Rechte Hooligans auf der Tribüne des Fußballclubs
Malte Lantzsch registriert auch Verbindungen von Thorsten Heise in die Hooliganszene des Kasseler Traditionsfußballclubs KSV Hessen Kassel:
"Dass Alt-Hools, rechte Hools oder Leute aus dem Neonazispektrum, die früher schon im Stadion waren, jetzt vermehrt wieder da sind."
"Wir sind von unserer Satzung her so organisiert, dass wir allen solchen, nicht tolerierbaren Ereignissen entgegentreten. Und als Verein sind wir da auch ganz klar positioniert", wehrt sich Daniel Bettermann, Marketing-Leiter des KSV Hessen Kassel: Natürlich wolle man keine Rechtsradikalen auf der Tribüne.

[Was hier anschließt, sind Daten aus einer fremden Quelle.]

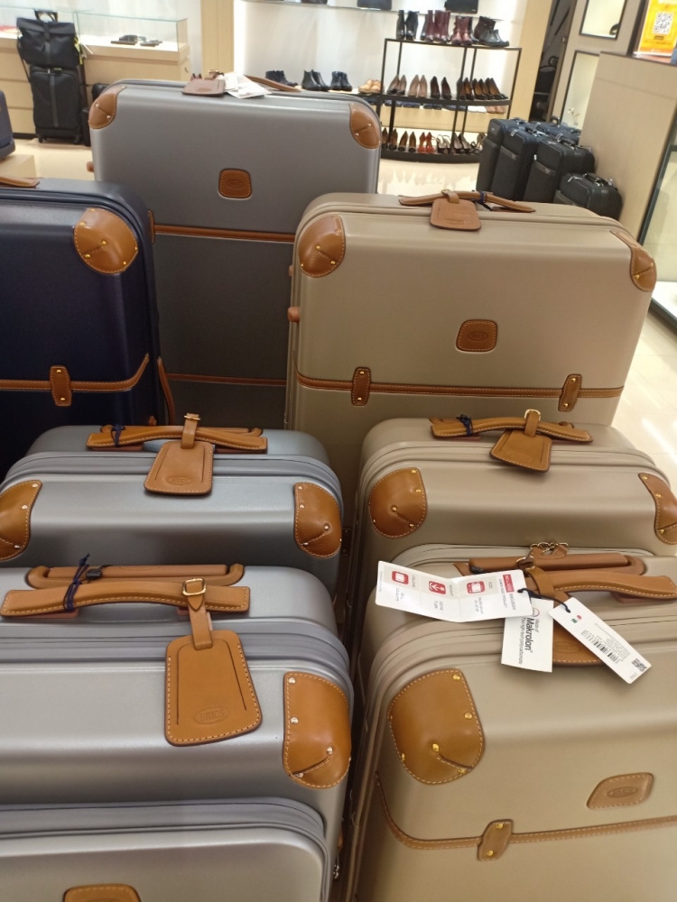 Những chiếc vali được trưng bày bán tại cửa hàng nhưng không rõ ràng tem nhãn, mặc dù được nhân viên khẳng định đây đều là hàng chính hãng của thương hiệu nổi tiếng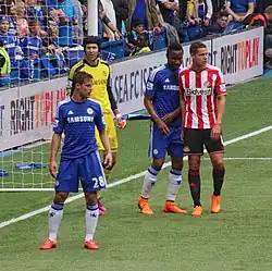 Rodwell made his Sunderland debut, starting a match and playing 68 minutes before being substituted, in a 2–2 draw against West Bromwich Albion in the opening game of the season.[75] On 24 August 2014, he scored his first goal for the club, equalising for Sunderland in their 1–1 draw with Manchester United at the Stadium of Light.[76] Since making his debut for the club, Rodwell became a first team regular in the first four months to the 2014–15 season.[77] This lasted until he missed one match against Crystal Palace, due to a calf injury.[78] Following his return, Rodwell found himself alternating between a starting and a substitute role by the end of the year.[79] On 1 January 2015, he scored Sunderland's first goal in a dramatic match with former club Manchester City with the match ending in a 3–2 loss for Sunderland.[80] On 24 January 2015, Rodwell was sent off after receiving two yellow cards in the FA Cup fourth round against Fulham, in a match that ended 0–0.[81] Between January and March, he found himself out of the first team due to injuries and suspension.[82] His third goal of the season came on 3 March 2015, where Rodwell scored the equaliser in a 1–1 draw away to Hull City, in a match where he was also booked for diving.[83] Despite being on the sidelines on two occasions later in the 2014–15 season, Rodwell continued to be involved in the first team.[84] By the end of the 2014–15 season, he had made 26 appearances, scoring three times in all competitions.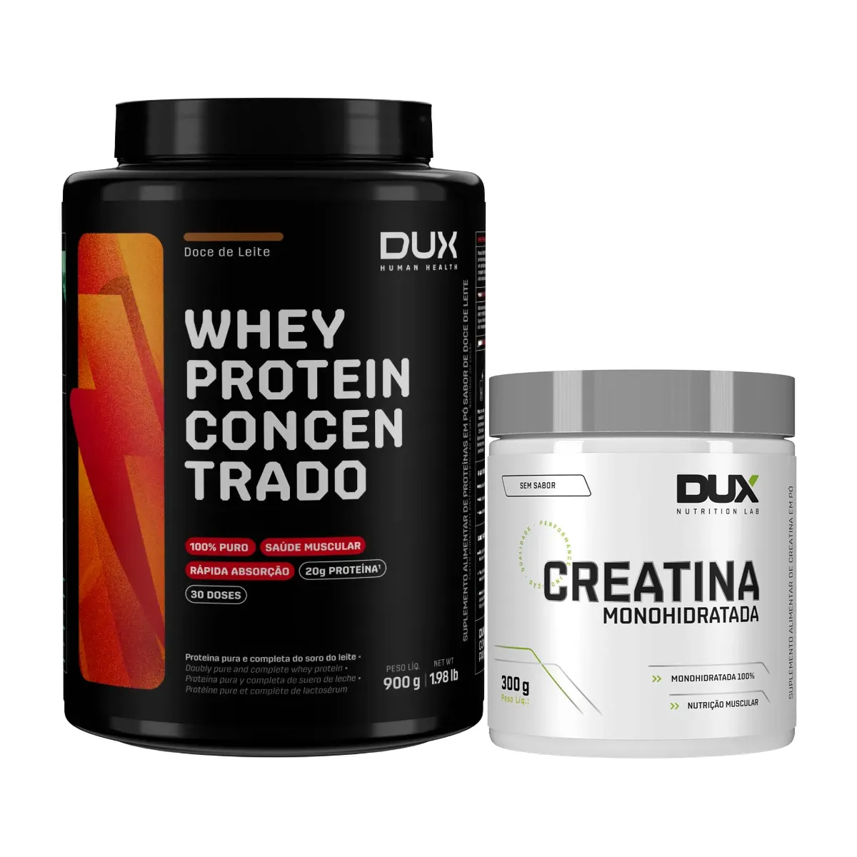 Kit Dux Whey Protein Concentrado Doce de Leite 900g + Creatina Monohidratada 300g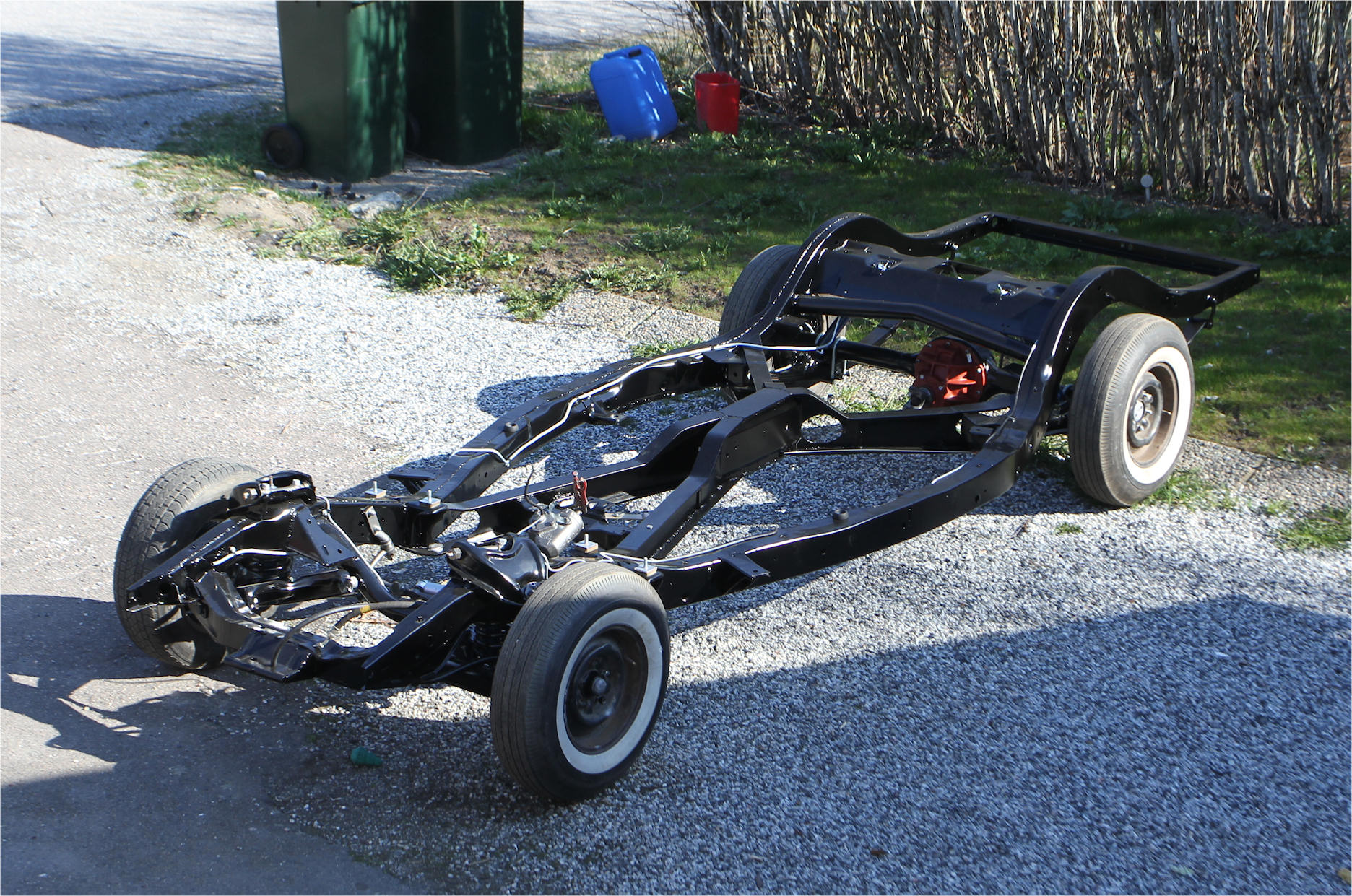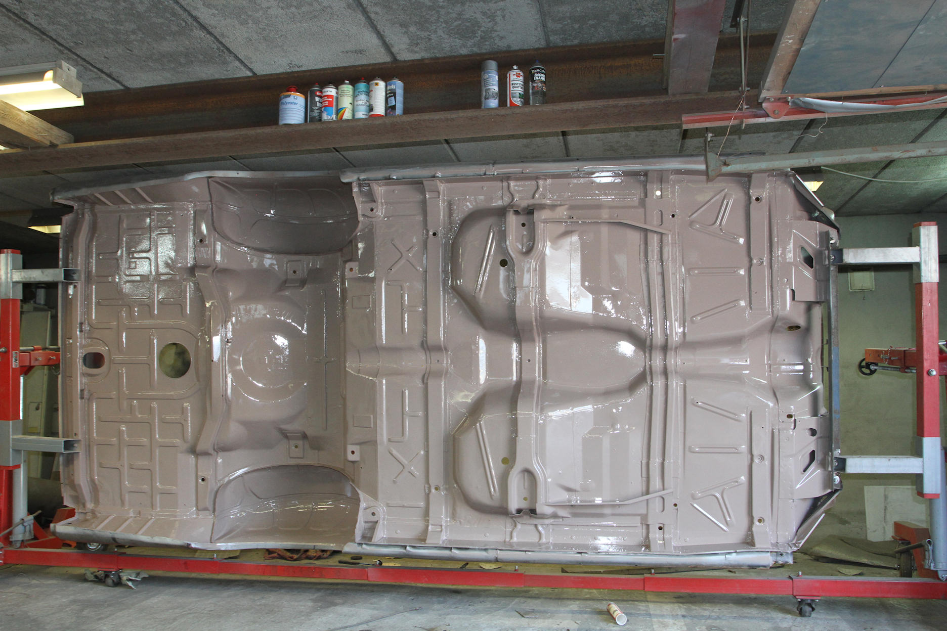 I Just painted the underside of the body. Luckily I have several liters with old fashion acrylic paint from back when it was super quality, cheap and easy to find. By mixing some leftover colors from previous restorations I managed to make a color pretty close to what originally had been used under this car. I call the color chocolate milk brown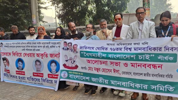 নিজস্ব প্রতিবেদকঃ ৭ ডিসেম্বর ২০২৪, শনিবার বিকাল ৩ টায় জাতীয় প্রেসক্লাবের সামনে বাংলাদেশ ভূমিহীন আন্দোলনের উদ্যোগে “কৃষি ও ভূমি সংস্কার কমিশন গঠনের দাবিতে মানববন্ধন” অনুষ্ঠিত হয়। সভাপতির বক্তব্যে বাংলাদেশ ভূমিহীন

Klar positionieren will sich die demokratische Stadtgesellschaft in Kassel auch am 20. Juli. Da hat nun die rechtsextreme Klein-Partei "Die Rechte" eine Demo anlässlich des 75. Jahrestages des Stauffenberg-Attentats auf Hitler angemeldet. Die Neonazis wollen auch vor dem Regierungspräsidium demonstrieren, in dem Walter Lübcke gearbeitet hat. Die Stadt will die Demo verbieten lassen. Der SPD-Bundestagsabgeordnete Timon Gremmels:
"Das ist der 75. Jahrestag des gescheiterten Attentats auf Adolf Hitler. Dass genau an diesem Tag die Neonazis vom Hauptbahnhof Richtung Regierungspräsidium marschieren wollen, ist eine Verhöhnung aller Opfer des 20. Juli 1944 genauso wie von Walter Lübcke. Wir müssen als Gesellschaft, als Stadtgesellschaft zeigen: Wir sind mehr. Und ich bin mir sicher, wir werden deutlich mehr sein am 20."